From Grandma’s Album…Mother’s Brother – Naval officer and guardian angel
Picture (none found, yet)
Mother’s Brother
Mother was the fourth of six children of her father’s first wife: Joseph (much older than the rest) and Frank, Antoinette, Marie (Mother), Frances and James, each two years apart. Joe was a gifted student, granted many opportunities because of his talents. After finishing eight years of village schooling and subsequent gymnasium training, he was at a loss for what to do next. His thirst was for the sea, and alas, Bohemia was land-locked. The Empire authorities in Prague, when appealed to, found a way for this enthusiastic, young would-be mariner to fulfill his dream.
The navel academy in Trieste, a Slavic territory also under the rule of the Austro-Hungarian Empire, was always on the alert for promising students of diverse backgrounds. His scholastic record was flawless. He was admitted and rose to become an officer in the Yugoslavian Navy.

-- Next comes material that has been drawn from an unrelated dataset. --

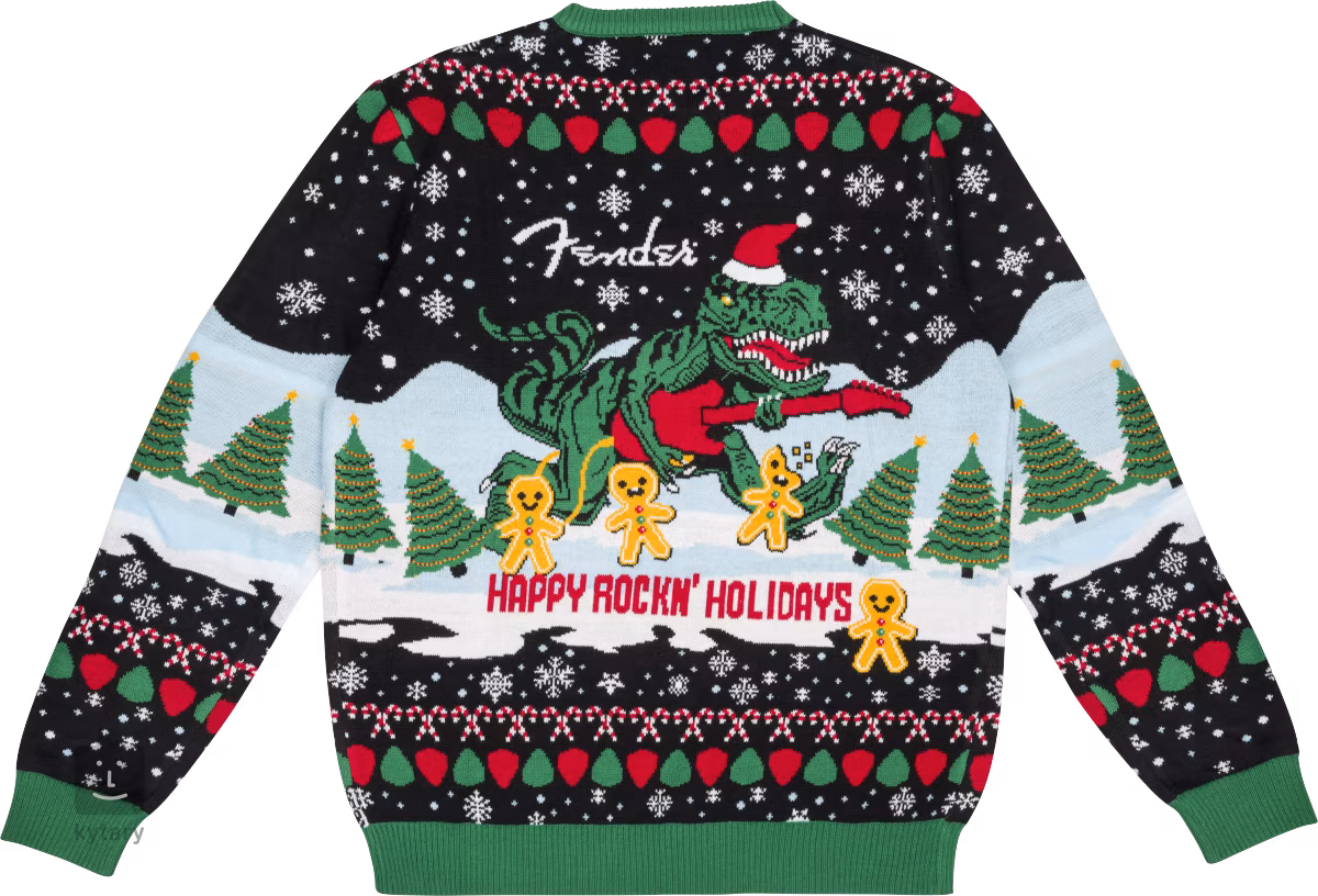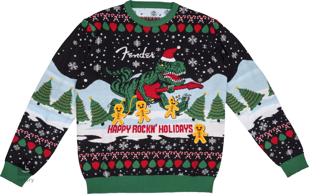 Fender 2023 “Telerex” Ugly Christmas Sweater je svetr pod vánočním stromečkem, který rockeři a rockerky, starší i mladší, přijmou s úsměvem na rtech. Svetr je zhotoven z umělých vláken (akryl) a zdobí jej pletené vzory s vánoční tematikou a dinosaurem T-Rex s červeným Telecasterem. Zdá se vám to švihlé? O důvod víc svetr vlastnit. K dispozici je ve velikostech S - XXL.

He came home on leave often when Mother was young and helped her through difficult times, especially after her father re-married and her new step-mother, a spiteful and greedy woman, banished the older set of children from the household chores and schooling, expecting them to work as field-hands and barn servants.

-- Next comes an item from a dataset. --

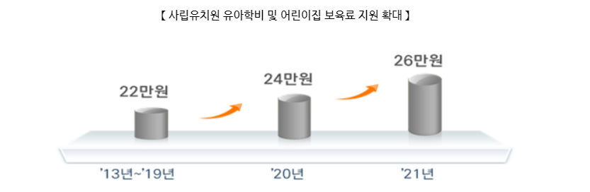 국공립유치원 유아학비 지원금은 6만 원에서 2021년 8만 원으로 인상.

She often told the story of the day the goose-flock she was herding panicked and scattered. She, chasing them, fell and hit her head, cutting the side of it so that it bled horribly. He bathed and bandaged her head himself, helped her clean up and change her clothes, collected the scattered birds and never breathed a word to their father and step-mother, as it would have brought down heavy punishment on her.
He also ended up being the one to explain what her menstrual cycle was and how to deal with it, having come upon her sitting on the stream bank, washing and washing and weeping in terror, thinking she was going to die.
Joe usually brought her small trinkets and ribbons and embroidery things, which, even though they were stolen by their step-siblings after he left, were much beloved. Her prayer-book, the one thing she managed to retain, she treasured for her whole life and it was buried with her.
Joseph was also instrumental in getting Mother sent to Prague to be apprenticed to a dress-maker. It got her out from under their step-mother’s thumb and as eldest son his word carried a great deal of weight with their father. He also helped to get her a ticket on the steamship Bremmerhaven to America a few years later, as the maze of required paperwork held no secrets for him.
Communication between Old World and New was difficult in those days and he was rarely heard from or about by anyone on this side of the Great Water. In America we were surprised later to read Life Magazine’s article on the funeral of King Peter, king of Yugoslavia, to see Joseph listed as an honorary pall-bearer, and to see his picture flanking his late sovereign’s casket. I’m not completely sure which king it was, as Peter 1 died in 1921, before Life Magazine started printing and Aleksander in 1934. Peter II abdicated in 1945, but lived until 1970. Well, memories are faulty, so who knows?
That was the last we ever heard of him. Perhaps he perished in the war or the internecine struggles before or after. Perhaps he died a natural death. We have never known.